A medida que la semana avanzaba, Jane parecía haber olvidado su impulso por el estudio y mantenía una constante vigilancia en su hermano y sus amigos, quienes parecían estar pasando un tiempo excesivo en la cabaña de Hagrid, lo cual la preocupaba en exceso, considerando que aquel animal escupía fuego y era altamente venenoso. No fue sino hasta que se dieron cuenta de que Ron había acabado en la enfermería que Jane regresó con fiereza a la cabaña de Hagrid, furiosa con el gigante por meter en problemas a sus amigos. TRas largos minutos de gritos de parte de la chica, Hagrid logró por fin hacer que se calmara, manteniéndola lejos del dragón a quien había llamado Norberto.

-Lo siento Jane, pero no sabía que ellos serían tan investigadores. ¿Sabías que ellos también saben acerca de Nicolás y de la Piedra? Manga de entrometidos.- refunfuñó Hagrid, tratando de esquivar la mirada de desagrado y reprobación que Jane le estaba enviando. La joven simplemente resopló, entendiendo que el guardabosques no era de culpar por el interés de los pequeños de primero, pero sí por no saber guardar mejor sus secretos. Por un rato, se le ocurrió empezar a enseñarle, pero luego se reprendió por tan loco pensamiento, considerando que el gigante jamás sabría esconderle nada a Ron, Hermione y sobretodo a Harry, por lo que simplemente le lanzó una mirada de advertencia antes de regresar a su sala común donde estuvo despotricando contra Hagrid ante el oído atento de Demian y Thomas, quienes no parecían entender nada de lo que estaba pasando.

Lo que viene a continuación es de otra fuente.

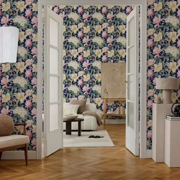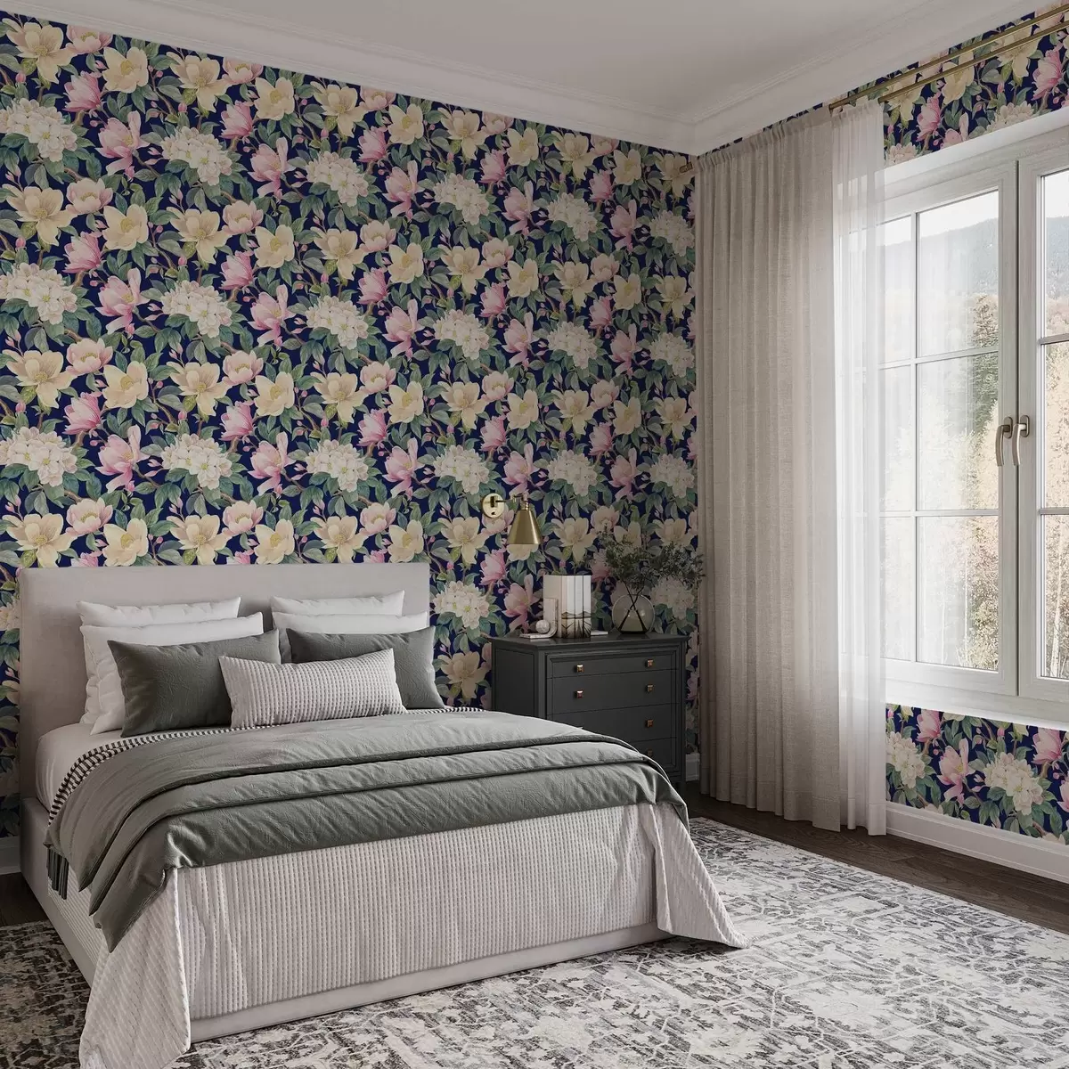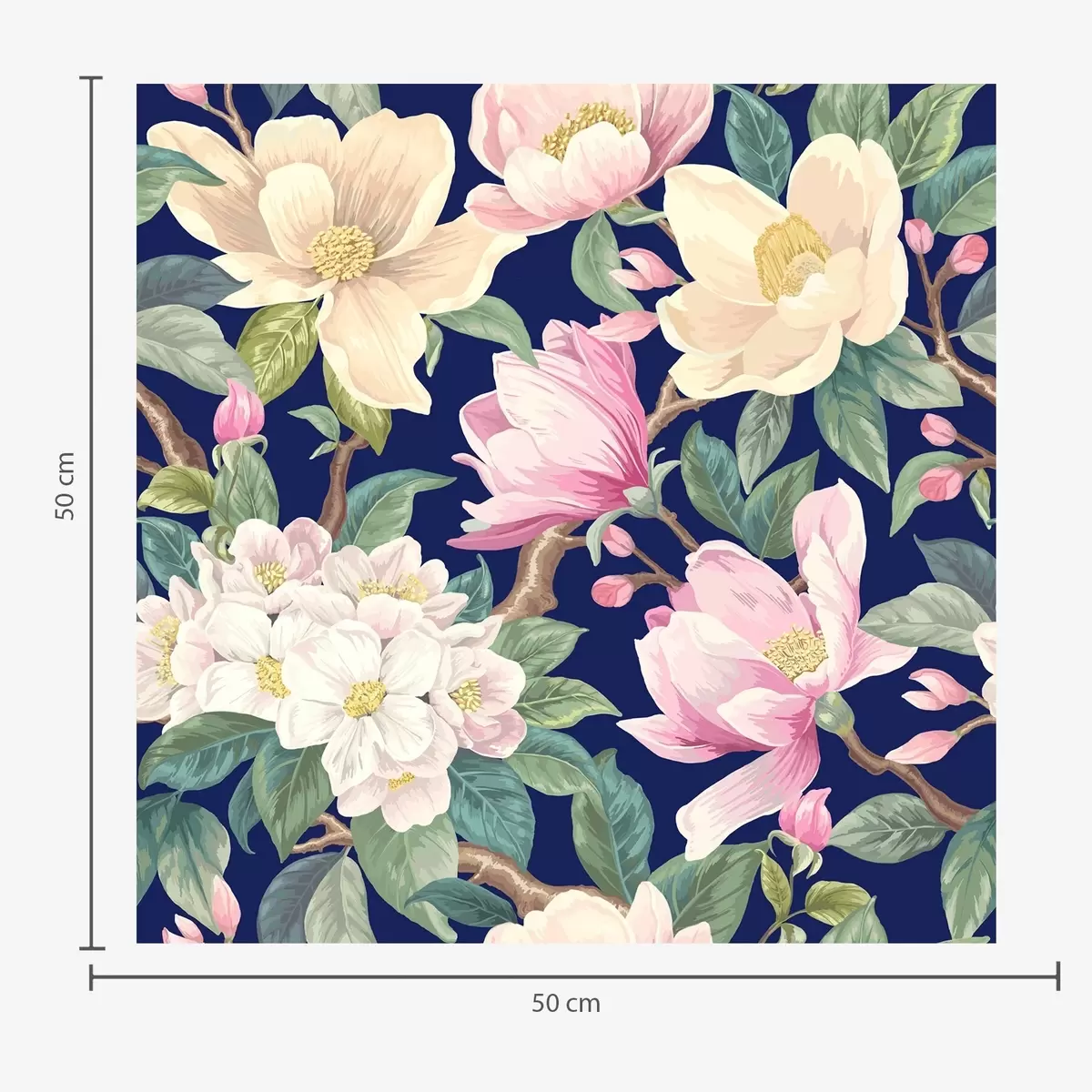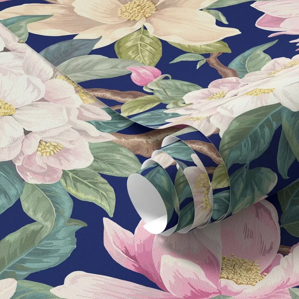 Tapet Magnolii și muguri pe un fundal albastru închis Nr. a00644v1
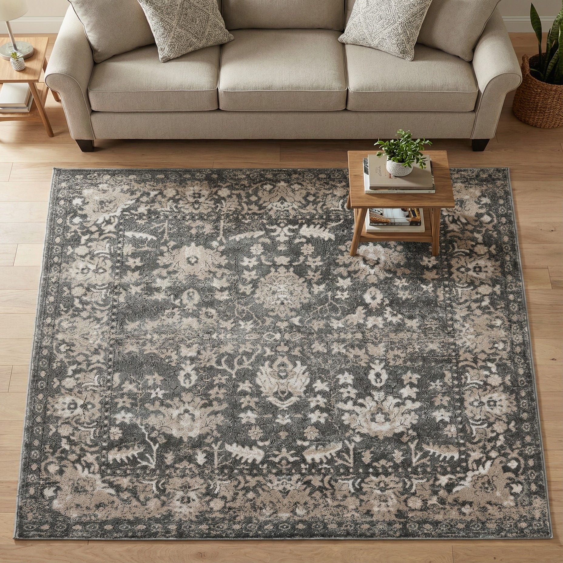 A traditional floral medallion and ornate border are woven into a softly distressed pattern on a gray background, with beige and ivory accents that bring the motifs into gentle relief. The machine-made construction (85% polypropylene, 15% polyester) creates a low-profile pile that feels smooth and slightly plush underfoot, with a subtle sheen where the fibers catch the light. The overall texture is even and close-cut, lending the design a relaxed, lived-in look while keeping the surface comfortable to touch.
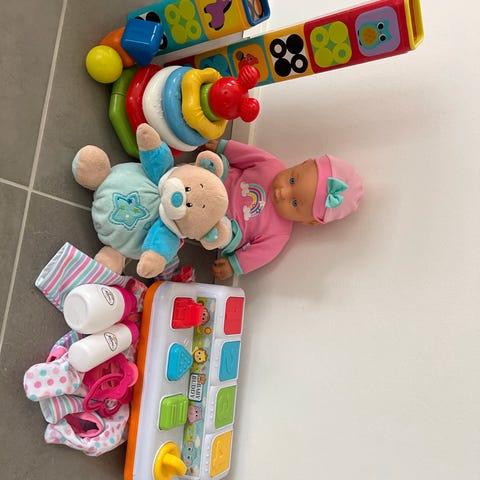 Fisher-Price til børn, består af flere farverige og forskellige dele. Legetøjet indeholder elementer med forskellige former og farver, designet til at stimulere sanserne. Passer til små børn og spædbørn.

-Sólo queda esperar que Ron se recupere antes de los exámenes y la señora Pomfrey no les pregunte tanta cosa.- murmuró Demian una vez que Jane se hubo tranquilizado. El silencio que siguió aquella declaración fue aplastante, más ninguno lo hizo notar, sino hasta que Alexander Pine apareció frente a ellos, una mirada de extrañeza en sus ojos.

-¿Todo bien, Porter?- preguntó el muchacho castaño con preocupación.

-Sí, sí, todo perfecto.- soltó Jane, una octava más alto de lo normal.

-Ah, qué bien. Entonces no te olvidaste que hoy tenemos entrenamiento.- dijo el chico con una sonrisa en los labios al ver como la chica se ponía pálida y partía corriendo a su dormitorio a buscar sus cosas para ir a entrenar.

-Sí se le había olvidado.- sonrió Thomas mientras Demian se echaba a reír. Alexander sólo sonrió de costado, su mirada fija en el dormitorio de las niñas, cuando se escuchó una ventana abrirse.

-Ya se fue, por si acaso.- soltó Demian, reconociendo el estilo de su mejor amiga. A Jane le gustaba tanto volar que nunca desaprovechaba un minuto para ello, aunque eso significara lanzarse desde la ventana de su dormitorio hacia el campo de Quidditch. Ante la novedad de que Jane ya estaba en camino, Alexander agarró su escoba y se encaminó hacia la puerta, cuando se dio cuenta de que lo que Jane hacía, por muy suicida que aquello fuera, era algo más práctico que darse la vuelta por la mitad del castillo.

-Nos vemos luego.- soltó el adolescente antes de subirse a su escoba y lanzarse por la ventana, sin importarle las miradas de preocupación que varios de sus compañeros de casa le lanzaban. Para cuando llegó al campo de Quidditch, sus compañeros ya se encontraban en el aire, exceptuando a Jane, quien estaba conversando a toda velocidad con Roger Davies, tratando de convencerlo de algo.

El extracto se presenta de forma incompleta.